The Church there is booming and needs help:
The Hong Kong Catholic Church will recruit more married men to reach out to the needy as it encourages more young people to join the priesthood, a top leader of its 389,000-strong diocese has said.
While the move aligns with Pope Francis’s appeal earlier this year to bring in married men to address the problems of a shortage of priests, local church leaders said their push was inspired by a different reason.
Vicar General Reverend Dominic Chan Chi-ming also said the church in Hong Kong was not short of priests. However, in recent years only a few people have been ordained annually, while the number of followers has grown relatively quickly.
According to the diocese, the number of Catholics in the city surged by 60 per cent from 242,500 in 1997 to 389,000 last year. But during that period, the number of priests declined by 10 per cent, from 326 to about 290 last year. And the ranks of Catholic brothers and sisters also fell.

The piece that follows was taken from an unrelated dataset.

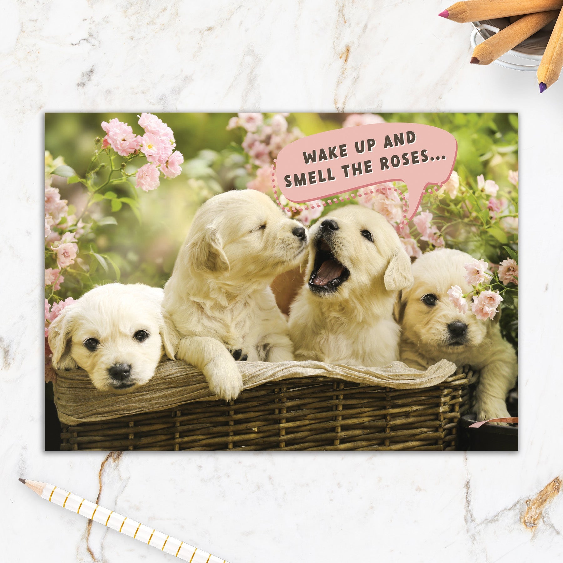 Inside Greeting: Sending you a bouquet of puppy kisses to brighten your day! Happy Birthday

“In terms of sacraments, we wouldn’t say we are short of priests,” Chan said. “We need to look at our followers who are very active, compared with those in Taiwan.”
The Catholic Church requires its priests to remain celibate. But since the late 1960s, married men have been ordained as “permanent deacons” in Europe and the Americas to help priests in their ministry.
Chan said while Hong Kong was the first Asian diocese to ordain permanent deacons in 1997, the move stemmed from the church wanting to perform more outreach and not leaving the task to priests alone.
“Without deacons, the priests had to do everything, just like Father Franco Mella had to take to the streets,” Chan explained, in a reference to the long-time activist who has fought for the rights of mainland families in the city.
“Priests were ordained to host sacraments … while the deacons are servants for the weak.”